Porcine pleuropneumonia is a serious disease in pigs caused by Actinobacillus pleuropneumoniae, and its global dissemination has resulted in economic losses to the pork industry (1). A. pleuropneumoniae is a capsular Gram-negative bacterium (2) that is highly contagious and causes either acute or chronic fibro-hemorrhagic necrotizing pneumonia in pigs (3). Porcine pleuropneumonia can be complicated by the involvement of other pathogens such as pseudorabies virus, Pasteurella multocida, and Mycoplasma pneumoniae (4). The current treatments are vaccines (5, 6) and antibiotics including tilmicosin, ceftiofur, and enrofloxacin (79). However, excessive use of these drugs could lead to the development of antibiotic resistance (10). Therefore, it is particularly important to explore novel antibiotics or treatment strategies against A. pleuropneumoniae infections.

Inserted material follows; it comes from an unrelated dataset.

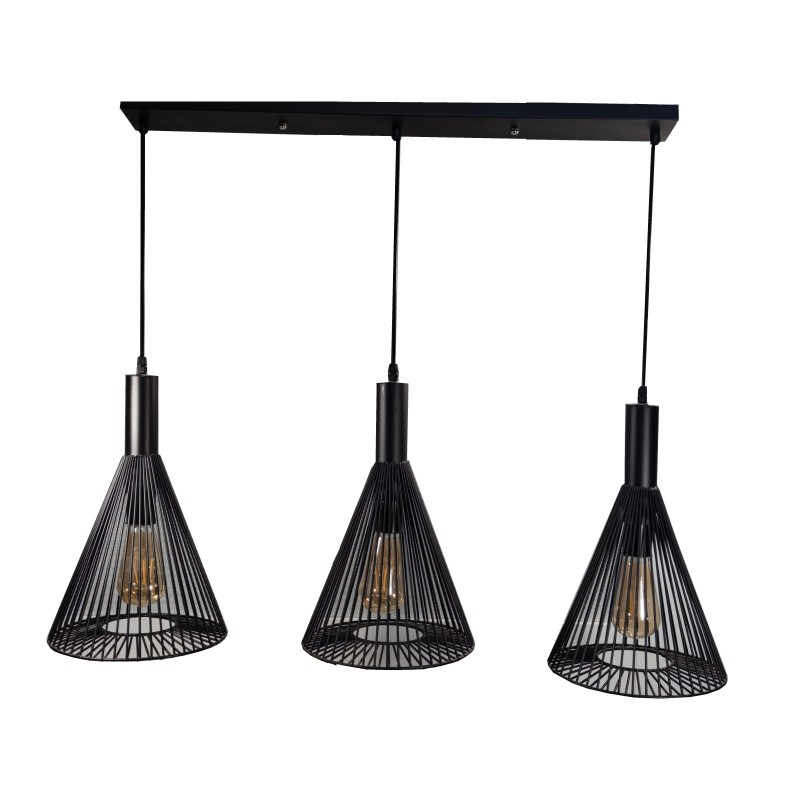 Τρίφωτο κρεμαστό φωτιστικό Ε27 με μαύρο μεταλλικό σκελετό σε σχήμα πυραμίδας μοντέρνας γραμμής 70*10*3εκ.

Tulathromycin is the first member of a novel subclass of macrolides known as triamilides (11) and is composed of two isomers that include 15- and 13-membered ring azalides at a ratio of 9:1 (12). It is a semi-synthetic macrolide containing three amine functional groups, is completely ionized at acidic conditions, and is positively charged (13). Tulathromycin can fully exert its bactericidal effect mainly due to it having better penetration of the molecule through the outer membrane (13). Tulathromycin possesses excellent pharmacokinetic properties with rapid absorption, high bioavailability, extensive tissue distribution, and long-lasting efficacy (12, 14). It has been approved by the US Food and Drug Administration (FDA) and European Medicines Agency (EMA) for use in the treatment and prevention of bovine respiratory disease associated with Mannheimia haemolytica, A. pleuropneumoniae, and P. multocida (15). Tulathromycin is effective against A. pleuropneumoniae, P. multocida, and Mycoplasma hyopneumoniae in swine (16).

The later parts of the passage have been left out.